9.2.AI and the patient experience

The open access availability of ChatGPT potentially makes it easier for the public to receive information about health in simple, clear terms and target populations with influential messages through appropriate mass media channels. In terms of public and community health, ChatGPT may expand the available information on infectious and chronic diseases and environmental hazards, support health promotion and disease prevention efforts, and offer updates on local and accessible services – all tailored to more segmented and diverse audiences.

In addition, it is expected that AI might: promote appropriate translation of materials; communicate with cultural sensitivity in multiple languages; and facilitate interactive personalized, and responsive communications tailored to individual needs and preferences [18].

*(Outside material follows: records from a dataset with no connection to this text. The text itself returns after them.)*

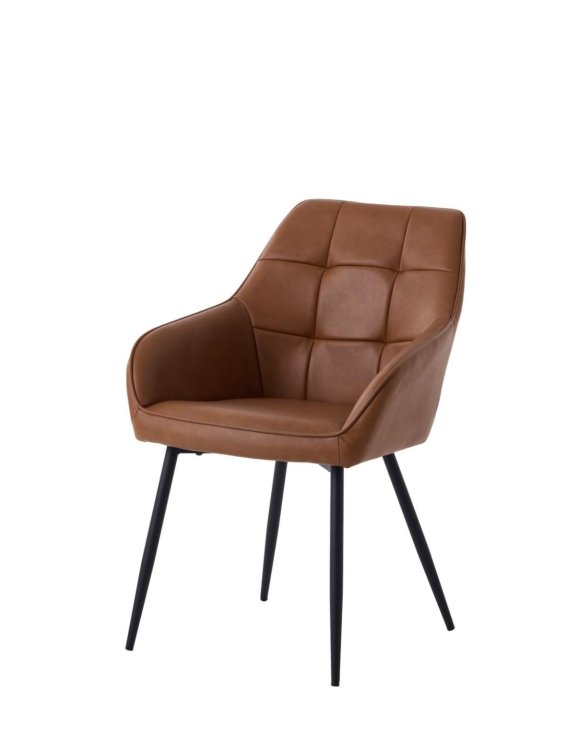 Scaunul de dining Nolan de la Unique este un model elegant și de înaltă calitate, tapițat cu piele ecologică FPU37A de culoare maro (cognac).
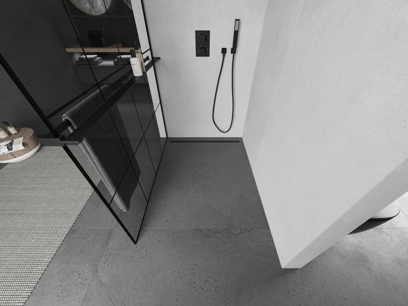 Mexen Kioto+ shower wall with shelf Walk-in 140 x 200 cm, black grid, black - 800-140-121-70-77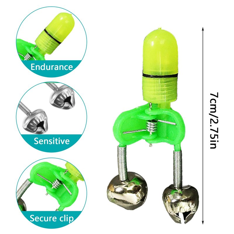 - ❤【High Quality】OHOH LED night fishing pole bite bait alarm light is made of plastic clip and dual metal bells.They are coupled together by spring that are nailed securely and will not fall off.Prefect for fishing at night in complete darkness and great for professional fishermen and fishing lovers.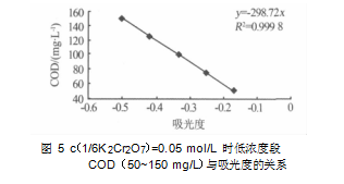 7)=0.05 mol/L, COD 為 50~150 mg/L 時(shí),水樣 COD 與吸光度的變化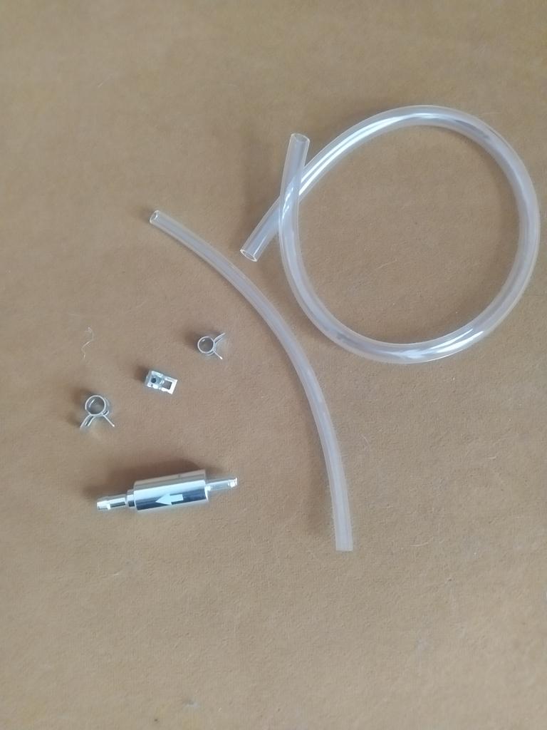 Доставили во Владивосток примерно за месяц. Клапан не работает. Внутри шарик и пружинка. Привалочная поверхность для шарика внутри клапана с огромным заусенцем. Придётся дорабатывать напильником. В комплекте два шланга разного калибра и три хомута под них. Выход из клапана больше чем вход, если это кому то важно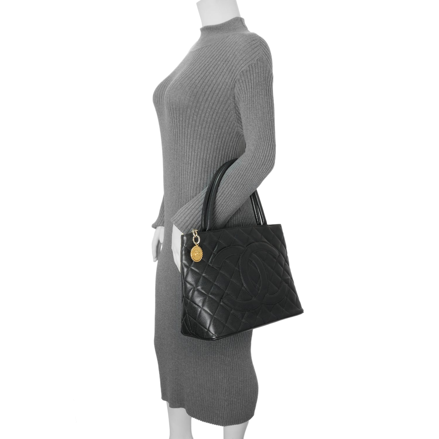Chanel Black Quilted Caviar Medallion Tote
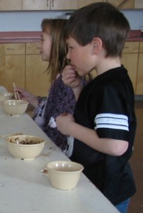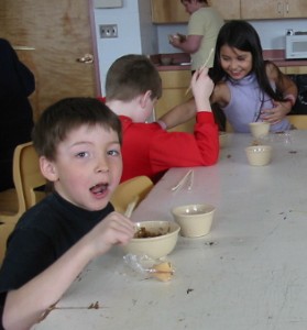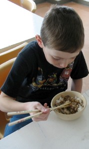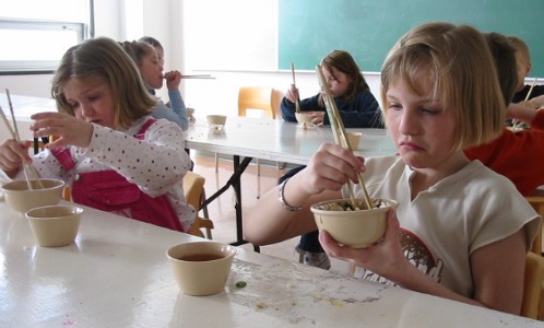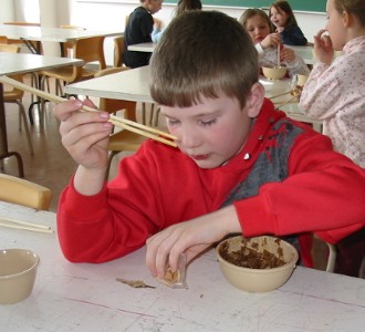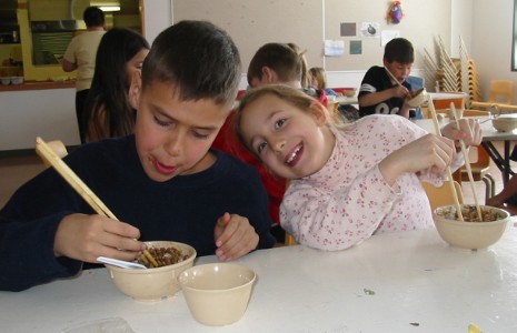 To mark the end of their studies on China, the Grade 1/2 class enjoyed a Chinese meal. The Grade 3 class helped prepare the food, and assisted the Grade 1/2 students with using chopsticks. Everyone thoroughly enjoyed the meal.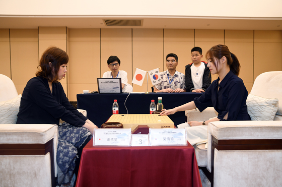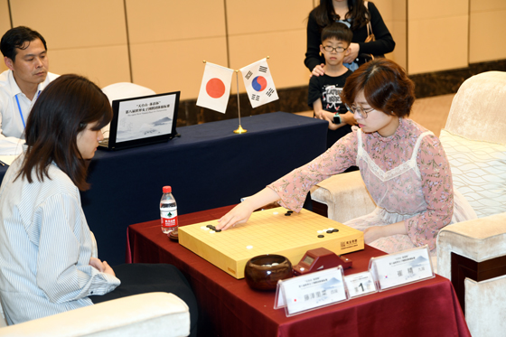 12일 중국 저장(浙江)성 타이저우(台州)시 천태산온천호텔에서 열린 제8회 천태산배 세계여자바둑단체전 3회전 최종일 경기에서 한국이 일본에 3-0으로 승리했다.

However, AI’s promise depends on the accuracy of the health information it provides and the capacity of audiences to identify fake sources impersonating as qualified authorities as well as disinformation; and misinformation [19]. The latter suggests a pressing need to assess the public’s digital health literacy skills and provide data for evidence-based health information intervention practices.

9.3.Personalizing the patient experience digitally

Turning to clinical practice, a case has been made to personalize patient experience through digital technology and focus on the following four elements.

First, clearly identify patients’ needs based on their demographic, clinical, and psychosocial data as well as past behaviors, and offer the most appropriate set of services. Second, communicate with patients with personalized and appropriate calls to action, through patients’ preferred communication channel(s). Third, offer patients access to relevant digital health tools to support clinical care needs, such as coaching programs, monitoring devices, or digital therapeutics and incorporating them into a care plan to enhance in-person services. Fourth, promote the use of digital tools for patients who are not in need of immediate clinical support.

These tools can help self-monitor symptoms and track ongoing behavioral progress, so new needs are quickly identified then fed back into patient data [20].

10.In conclusion

Finally, while digital health resources and services are constantly increasing and expanding their reach, traditional face-to-face services will need to be offered alongside digital efforts to ensure equal and appropriate access to services and resources. Overall, improving digital health literacy following COVID-19 is an important step to ensure that individuals can access and use digital health technologies to improve their health outcomes and quality of life.